The original point of this project was to show how an analyst might use Bayesian statistics to improve returns forecasting using Fama-French-inspired factor models. However, I have shown the opposite. The factor exposures generated through Bayesian methods converge to essentially the same values as those calculated using a simple, fast ordinary least squares regression.

While practitioners could use Bayesian linear regressions to calculate factor exposures and use posterior sampling to forecast future returns, those posterior are qualitatively captured through frequentist statistics. Further, computing the mean and standard deviation of every factor exposure for every stock in the S\&P500 for a four-year period requires seconds via least squared regression versus hours for Bayesian sampling techniques. Thus, for this particular application, frequentist statistics are adequate, which explains why they are used widely in the literature and in industry.

In retrospect, these conclusions make total sense. We know that the value of Bayesian inference lies in small sample sizes and strong priors. In finance, we have hundreds of arguably independent samples (daily returns) and weak priors. The Bayesian solution should sensibly converge to the frequentist one. I fleetingly thought about swapping normal priors for something with fatter tails to force the model to consider Black-Swan-style events but realized that with so many examples, the priors are essentially cast aside. In the future, I believe that Bayesian statistics can be applied successfully to rare events like crises and pandemics but not the everyday forecasting of stock returns.

References

Fama, Eugene F., and Kenneth R. French. “Common risk factors in the returns on stocks and bonds.” Journal of (1993).

Fama, Eugene F., and Kenneth R. French. “A five-factor asset pricing model.” Journal of financial economics 116.1 (2015): 1-22.

Qian, Edward E., Ronald H. Hua, and Eric H. Sorensen.
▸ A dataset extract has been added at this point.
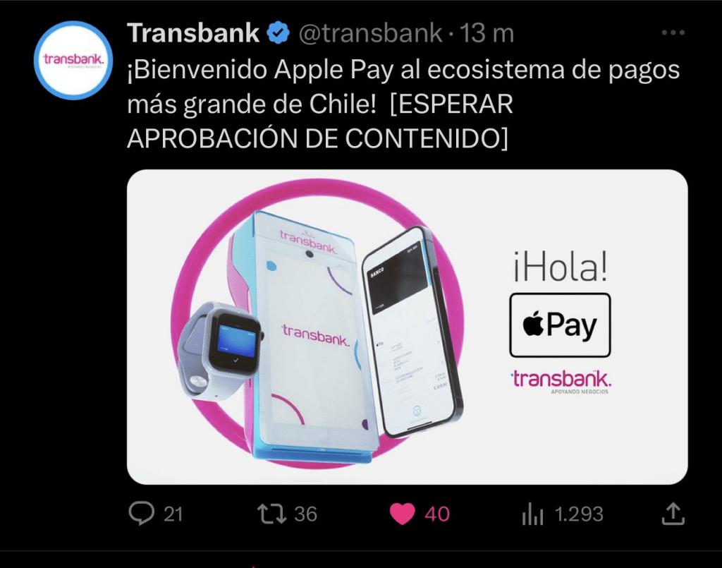 Estos reportes se dan luego que aparentemente desde Transbank realizaran por error una publicación dando la bienvenida a Apple Pay a su ecosistema de pagos, publicación que luego fue eliminada.

Quantitative equity portfolio management: modern techniques and applications. CRC Press, 2007.

Salvatier, John, Thomas V. Wiecki, and Christopher Fonnesbeck. “Probabilistic programming in Python using PyMC3.” PeerJ Computer Science 2 (2016): e55.

Sharpe, William F. “Capital asset prices: A theory of market equilibrium under conditions of risk.” The journal of finance 19.3 (1964): 425-442.